June 4, 2009

exploring nature in your backyard

There’s gardening, of course … but I am focusing on activities to make your child aware of the flora, fauna and inter-relationships between elements of your garden. I’m blessed to have a very large block of native garden, but if you aren’t in my position perhaps there is a nearby park, garden or nature reserve that you could visit.
To begin exploring nature with your children encourage them to use their senses -
  • take a magnifying glass and hunt for bugs. Look under rocks. You might also like to have some sort of bug keeper for further observations. You can use the CSIRO’s Backyard Biodiversity bugs guide to identify and learn about the bugs you find. (Safety Warning: some bugs sting, bite or are otherwise nasty, accompany younger children when hunting for bugs, teach your children not to touch bugs and to look before putting their hand in dark spaces).
  • put a birdbath or birdfeeder in your garden and do some birdwatching. You can identify the birds at Birds in Backyards and you might like to make a simple field guide, as seen at Frugal Family Fun Blog.
  • go looking for animal tracks. Somewhere with a little bit of loose dirt is a good place to look. Parenting Science has some other activities and ideas for exploring animal tracks.
  • go spotlighting for possums and other night time creatures. If you find any cane toads, you can collect them for disposal (and explain why to your child).

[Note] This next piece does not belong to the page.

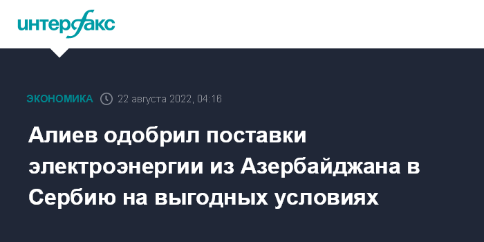 Москва. 22 августа. INTERFAX.RU - Сербия сможет на выгодных условиях покупать электроэнергию у Азербайджана, заявили в канцелярии главы сербского государства Александра Вучича по итогам воскресного телефонного разговора с президентом Азербайджана Ильхамом Алиевым.

  • keep a record of the weather. Young children can draw a picture of the weather and older children might like to make temperature measurements. Find a container to use as a rain gauge.
  • be still and quiet and listen to sounds in the garden – what can you hear? cars driving by, birds singing, your house creaking, dogs barking, wind in the leaves?
  • use natural objects to make noises – stomp in leaves, find a fallen branch with leaves and swish it around (does it sound like the wind?), bang things with a stick
  • with supervision, touch leaves of different plants, bark on trees, mud. You can make rubbings of some of the textures (mud might be a bit hard!)
  • collect natural objects, such as sticks, leaves, flowers or rocks and make a nature collage.
  • go out when it’s raining, get wet and stomp in puddles
  • smell different flowers. Scrunch up green leaves and see what they smell like.
  • since I have young children I strongly recommend that you teach them not to taste anything without asking an adult and that you employ an expert for nature tasting experiments.
These are some very simple, first nature experiments. Follow your child’s interests and these simple experiments will lead to more complicated investigations.